Hit Parade Comes to Billingsley High

Southern Bell costume for Billingsley High Beta Club Skit

Southern Bell costume for Billingsley High Beta Club Skit

When I was in second grade Betty, my middle sister, rewarded me for helping her with the dishes by taking me to see Royal Wedding, a movie starring Fred Astaire and Jane Powell.  Of course with stars like those two, the movie, sprinkled with song and dance routines, fired my imagination, set my feet to tapping and voice to warbling when reaching for the high notes that Jane sang so beautifully.  In junior high, this movie became the source for many of our skits.

In seventh grade, I spent a weekend with my other sister, Mary, who had one of those new fangled appliances called television.  I only remember one show we watched – The Hit Parade.

Oh!
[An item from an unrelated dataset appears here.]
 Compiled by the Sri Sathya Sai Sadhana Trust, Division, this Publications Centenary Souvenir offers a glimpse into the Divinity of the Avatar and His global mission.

My God!  My compass finally found true north.  My body itched all over to sing and dance on stage.  When I got back home, I didn’t walk or run through the house – I danced.  I danced up the steps, across the porch and circled the inside of the house.
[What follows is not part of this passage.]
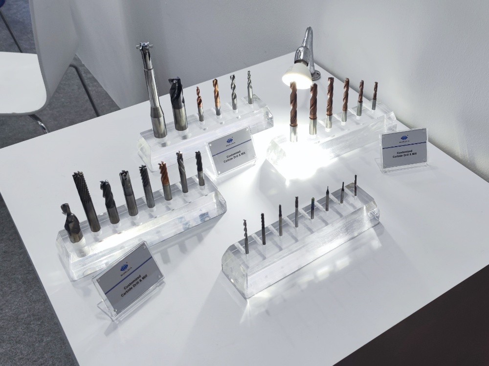 在本次展会上,尊龙团体(Z6)重点展示了PCD非标刀具、PCD可转位面铣刀、CVJ球道铣刀、PCBN槽刀、MANANOVA尺度品、整体硬质合金圆柄刀具、?MCD单晶金刚石刀具以及主要用于半导体,单晶硅加工的微钻产物等。

Poor Mama, she did double duty on her knees praying for my soul.  I figured it could only help my performance.

I couldn’t wait to get to school and tell the girls.

I managed to get the sheet music to Cross Over The Bridge.  The skit, totally copied  from the Hit Parade, was performed as a scene in a courtroom – all male.
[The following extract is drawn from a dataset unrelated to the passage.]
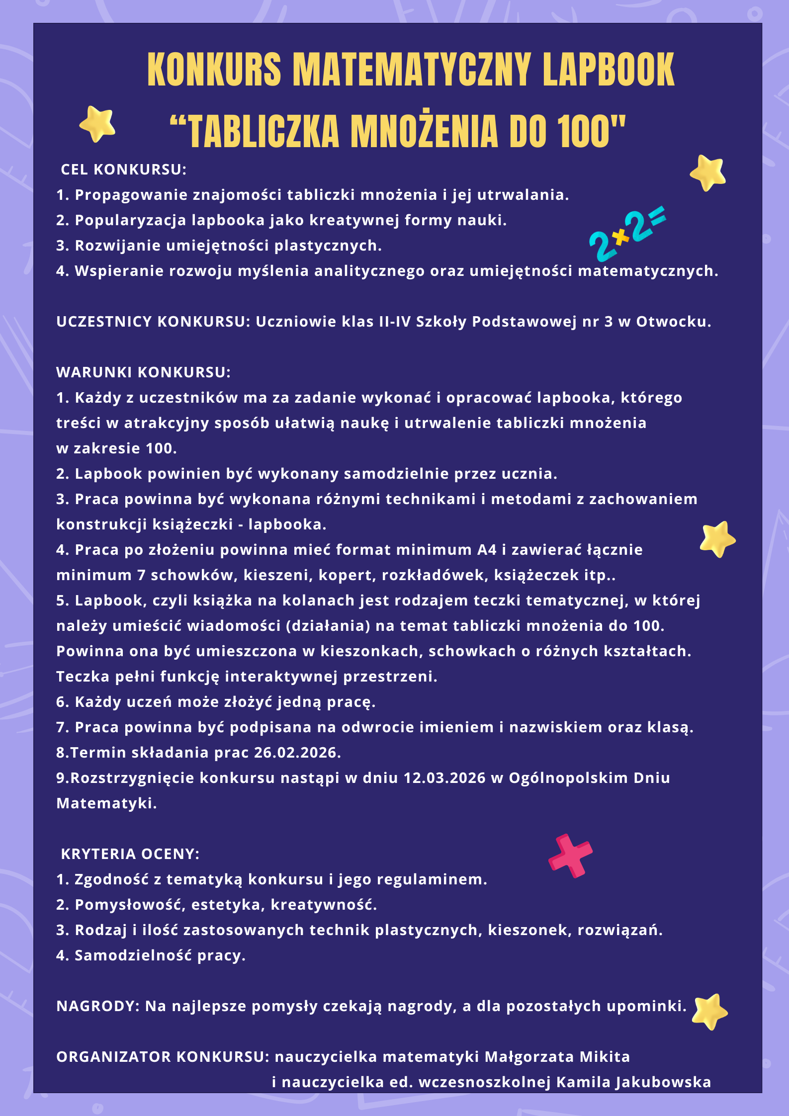 Wykonaj konkursowego lapbooka matematycznego, który w atrakcyjny i kreatywny sposób pomoże Ci w nauce oraz utrwaleniu tabliczki mnożenia. Kolory, rysunki, kieszonki, zagadki – dołącz do zabawy i przekonaj się, że tabliczka mnożenia nie ma przed Tobą tajemnic. Liczy się pomysłowość, estetyka i matematyczna poprawność. Szczegóły konkursu w regulaminie na stronie szkoły.

We girls never let a little thing like gender get in the way of a good song and dance routine.  Martha, Deloise, Marjorie, Minnie and I dressed up as men and did the skit for three or four teachers, whose expressions, afterwards, ranged from martyrdom to startlement.

Later that year, the school put on their first talent contest.  Ah-hh, for me the world had become perfect.  I was going on stage and this time with a real audience, but no teacher picked us to be in their class productions.  No-oo problem.  We chose a song from Royal Wedding.  I borrowed the record from Betty, and another girl borrowed a potable record player.  We got down to business.

This being a nighttime show for the whole community, we had to be at our professional best.  I’d lip synch Fred Astaire while Martha danced Jane Powell’s part of a Latin seductress.  Margorie, Minnie, Net, Deloise, Bobby and Louise played Latin course girls wearing loud colored, swirlly skirts and flowers in their hair.

The night came.  I stepped on stage in my brother James’ dress marine coat, white slacks with red, crepe paper stripes and Daddy’s Panama hat. (see photo below)  The hat was a must since Fred sang, I Left My Hat in Haiti –  I guess he’d found the thing though, since he wore it in the skit.

The chorus was in place ready to start twirling.

The curtain pulled, revealing a packed auditorium.  I was elated.

However, the record player took a powder and made no sound.

No Problem.  I walked around stage, with lips moving.  Martha and the girls glided around, swirling those skirts like everything was exactly the way we had planned it.  This proved confusing enough to the audience, to get us some pity applause.

Afterwards, Daddy laughed long, tears running down his face, loving the whole event, telling us how gutsy we were to carry on the show as we did, rather than falling apart when the equipment didn’t work.

Having learned our lesson, we promised one another we’d always pretest equipment. Then, we got down to the business of planning our next foray “onto the boards”.

I was practicing how to act, stand and project masculinity for the skit.

I was practicing how to act, stand and project masculinity for the skit.